Hoff, Coughlin leave 200 individual medley worries in their wake
Considering the Olympic heartbreak the 200 IM had caused them in the past, both Katie Hoff and Natalie Coughlin approached Wednesday night's U.S. Olympic Swimming Trials finals with an surprising degree of calm.
"The 200 IM has been a tough race for me; it's been my race since I was 10," said Hoff, who won the event just about 45 minutes after taking first place in the 200 free. "I get really nervous for it. But tonight I was trying to relax and have fun with it."
Hoff rallied on the breaststroke and freestyle to win in 2:09.71, improving on Coughlin's American record of 2:09.77 set less than a month ago.
Coughlin, the runner-up, was also relatively carefree about a race that she has practically refused to swim for the last seven years.
"It was really fun to go into a race without expectations today," she said. "I wasn't even nervous going into that race. And I don't get to feel like that very often."
Frayed nerves for both would have been understandable. Consider the memory Hoff has from four years ago, when she was 15. She won both IMs at the trials, but in Athens she was overwhelmed by jitters and finished seventh in the 200 IM. She didn't even qualify for the finals in the 400 IM.
And Coughlin? She missed making the Olympic team as a 17-year-old in 2000 when she came in fourth in the 200 IM at Trials. Her problem wasn't nerves; it was a torn labrum that had plagued her for a year and prevented her from getting the training she needed. By the time she got the to Indianapolis for the trials --still a favorite despite her difficult year -- she was on the verge of burnout and just wanted to get the whole thing over with. "Indifferent" is how she once described her feelings about her lost opportunity.
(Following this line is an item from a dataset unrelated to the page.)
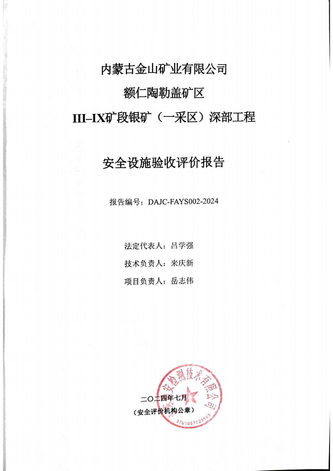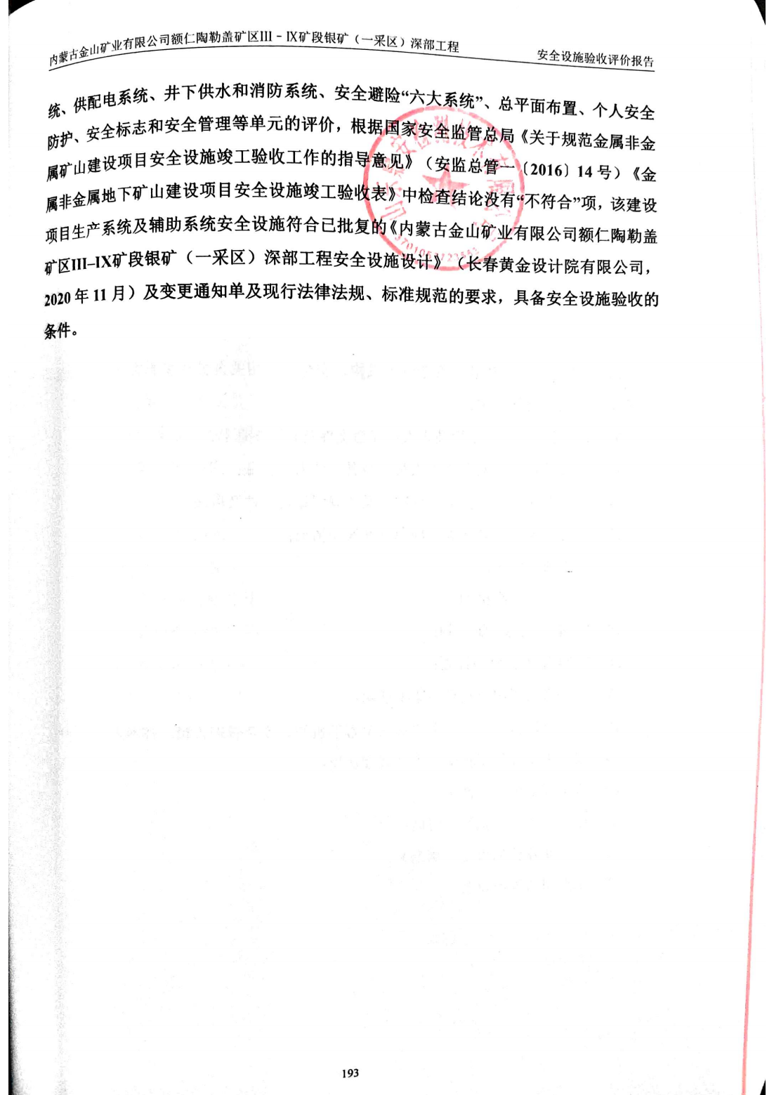 評(píng)價(jià)項(xiàng)目名稱 | 內(nèi)蒙古金山礦業(yè)有限公司 額仁陶勒蓋礦區(qū)Ⅲ–Ⅸ礦段銀礦(一采區(qū))深部工程 安全設(shè)施驗(yàn)收評(píng)價(jià)報(bào)告 | |||||||

Though she has since fulfilled her great promise as a swimmer many times over -- she won five medals in Athens and at one time or another has held American records in six different events and currently holds the world record in the 100 back -- Coughlin has rarely swum the 200 IM since 2000. ("Is there baggage around the 200 IM? Yes," says her coach, Teri McKeever.) In fact she used to avoid swimming the breast stroke at events specifically so no one would encourage her to do the IM.
Then at a meet at Stanford this spring she happened to be entered in both the 400 free and the 200 IM on a day when she was convinced her freestyle "looked terrible." So she decided to skip the 400 free and just do the 200 IM instead. Swimming in Lane 1 in the preliminaries, she dropped eight seconds off her previous time and four seconds off her lifetime best, which dated back to the year she was 16. At the Janet Evans Invitational in early June, she did the 200 IM again, this time because she had nothing else going on that day. That time she broke Hoff's two-year-old American record.
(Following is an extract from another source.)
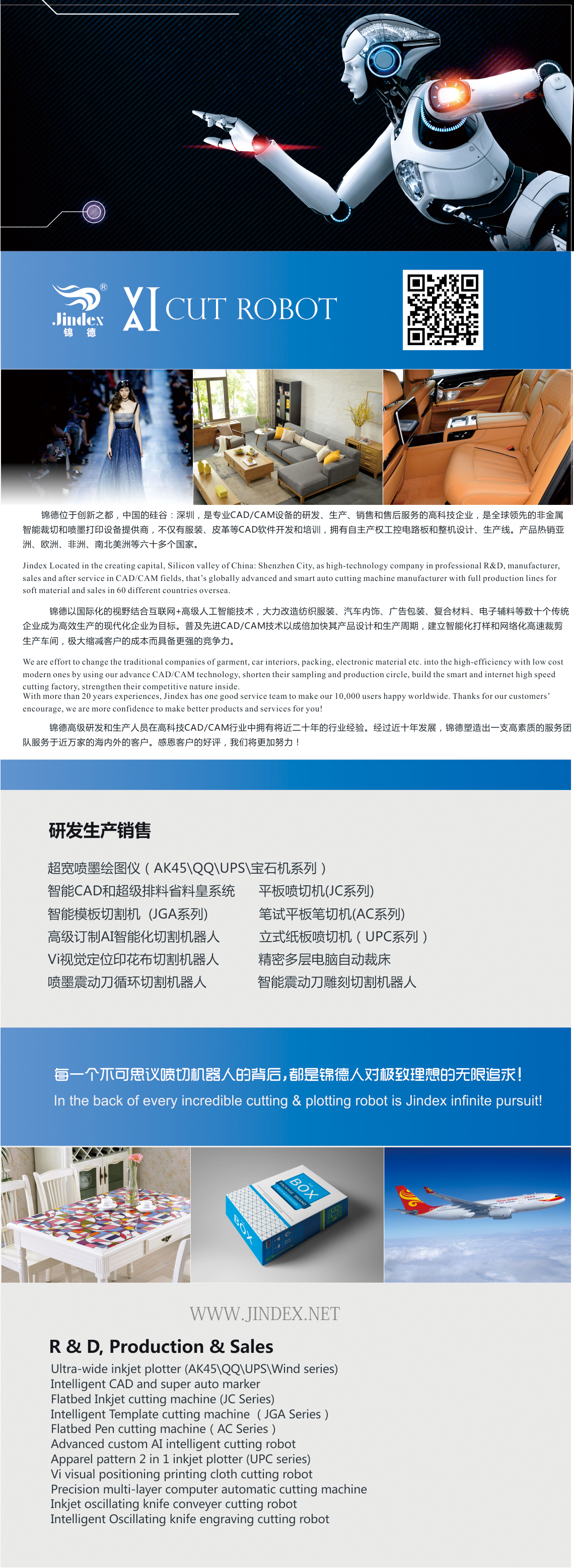 Any CAD software can be connected. It is widely used for plotting and cutting for the industries and sectors like garment, shoe making, cases, handbags, laser cutter molds plotting, lighting fixtures, advertising gifts, self-adhesive and color box packing.

"I screamed out of shock when I saw the time," says Coughlin. "I haven't been consciously training for it. I think what happened is I'm figuring a lot of things out in my breaststroke, and my backstroke leg is now decent."
About a week ago, Coughlin decided to swim the event at the trials in Omaha. A chorus of coaches hallalujahed. "Most of the coaches in the country feel it's potentially her best event, because she really doesn't have a bad stroke," says National Team Director Mark Schubert.
"I think the IM might have become a mental block for her in the past," adds U.S. Olympic women's coach Jack Bauerle. "But I think the sky is the limit on her IM now. I don't think she hasn't even scratched the surface on that one. She has the speed in every stroke."
Coughlin has some time to consider what individual events she'll swim in Beijing. (She won the 100 back in world-record time on Tuesday night and still has the 100 free, in which she holds the American record, ahead of her.) So, too, does Hoff, who has won all four events she has entered so far and still has the 800 and 100 ahead of her. Bauerle is just glad both of them are on the team.
"They are different people entirely, but they both have a burning desire to succeed," he says. "You can say that about anyone at this level, but they take it to another level. They don't have much bravado, just a quiet strength. They're probably much more similar than they think in that regard."
Another way they are alike? They are both world-beaters, something the U.S. women don't have in the same gaudy numbers as the U.S. men. "We have a tough challenge ahead of us," says Bauerle. "So thank God we've got Natalie and Katie on our team."